◆ THE TASK ◆
Please reproduce the listing in its entirety, exactly as written, but without images.

◆ SOURCE MATERIAL ◆
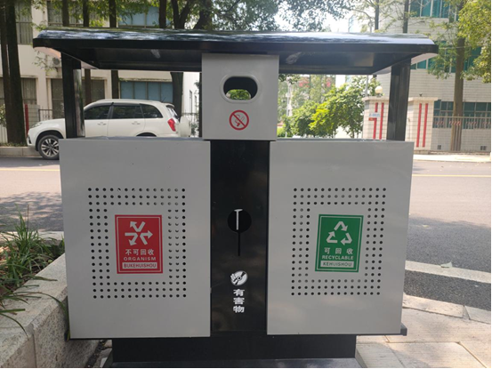 近期,管理区投入资金5万元左右,在道路两旁新增22个分类垃圾桶,新建5个居民生活垃圾分类投放点。
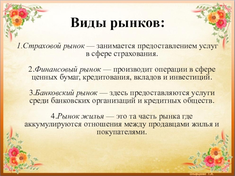 Слайд 11Виды рынков:
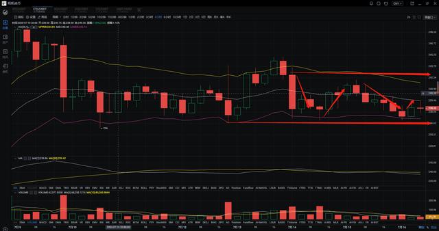 ETH:以太坊昨天至今震荡微跌,当前价格在239美元附近,24小时资金净流入1600万美金。技术面上看,正如昨天所说,ETH跟随盘面继续进行三角震荡,当前震荡区间越来越窄,从小时图上看,布林带张口向下运行,行情由中轨下方反弹至中轨上方。五日均线向上拐头上穿十日均线,附图MACD快慢线进场后运行在零轴下方。目前盘面来看上行例如偏弱,日内预计行情震荡为主,关注236-243,操作建议高空低多。

◆ OUTPUT FOR THIS TASK ◆
 近期,管理区投入资金5万元左右,在道路两旁新增22个分类垃圾桶,新建5个居民生活垃圾分类投放点。
 Слайд 11Виды рынков:
 ETH:以太坊昨天至今震荡微跌,当前价格在239美元附近,24小时资金净流入1600万美金。技术面上看,正如昨天所说,ETH跟随盘面继续进行三角震荡,当前震荡区间越来越窄,从小时图上看,布林带张口向下运行,行情由中轨下方反弹至中轨上方。五日均线向上拐头上穿十日均线,附图MACD快慢线进场后运行在零轴下方。目前盘面来看上行例如偏弱,日内预计行情震荡为主,关注236-243,操作建议高空低多。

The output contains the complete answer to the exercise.